Is there a classification of all finite indecomposable p-groups?

Solution 1:

I'll give some examples of indecomposable p-groups, a survey of small orders, and an asymptotic description. As Derek Holt points out, most p-groups are directly indecomposable, and perhaps he has a cleaner way of describing the third section.

Some indecomposable finite p-groups:

cyclic groups
p-groups of maximal class (with nilpotency class n and order pⁿ⁺¹), including:
- dihedral groups (of order at least 8)
- quaternion groups
- semi-dihedral groups
extra-special groups with a center of order p and elementary abelian quotient
Any group with a cyclic center

Every group of order p is directly indecomposable (being cyclic).

One out of two groups of order p² is directly indecomposable (the cyclic one).

Three out of five groups of order p³ are directly indecomposable (the cyclic one, and the two non-abelian ones which are both extra-special and maximal class).

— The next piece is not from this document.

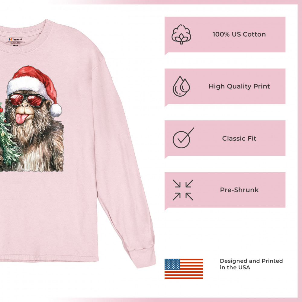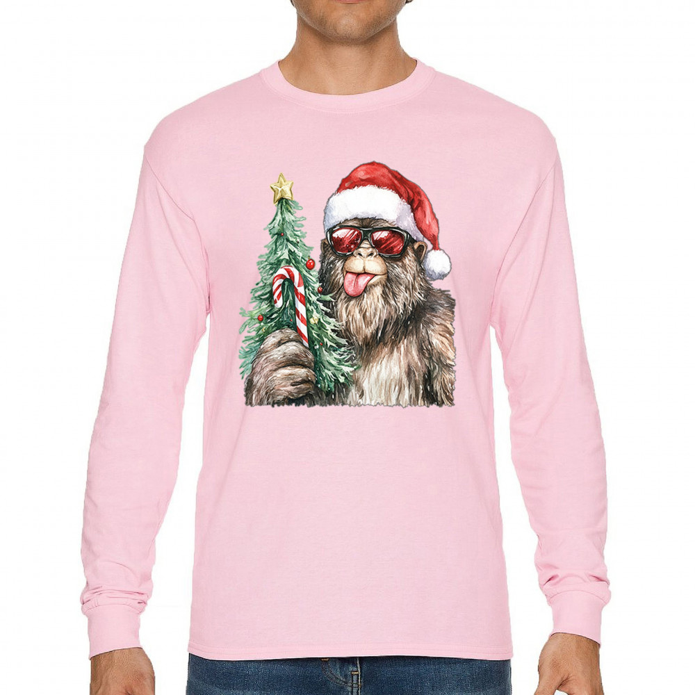 Bigfoot Christmas Santa shirt – festive Sasquatch holiday humor tee with Santa hat design, Xmas tree, candy cane, and funny Christmas style.

Eight out of fourteen groups of order 16 and nine out of fifteen groups of order p⁴ for p odd are directly indecomposable (all but two with cyclic center).

34 out of 51 of order 32, 49 out of 67 of order 243, 59 out 77 for of order 3125, and then a steady pattern out of 61 + 2p + 2(3,p−1) + (4,p−1).

While the groups are organized into families, even the number of families becomes unmanageable after a point and so a different technique is needed for larger n.

Where do decomposable p-groups come from? They are direct products of smaller p-groups. However, there are about p^(2n³/27) groups of order pⁿ, and so taking direct products of groups of order pⁱ with groups of order pⁿ⁻ⁱ for 1 ≤ i ≤ n/2 gives a somewhat complicated sum but which is (for large n) less than 1/pⁿ th as big as p^(2n³/27). In other words, a vanishingly small fraction of p-groups are decomposable, and the rest are indecomposable.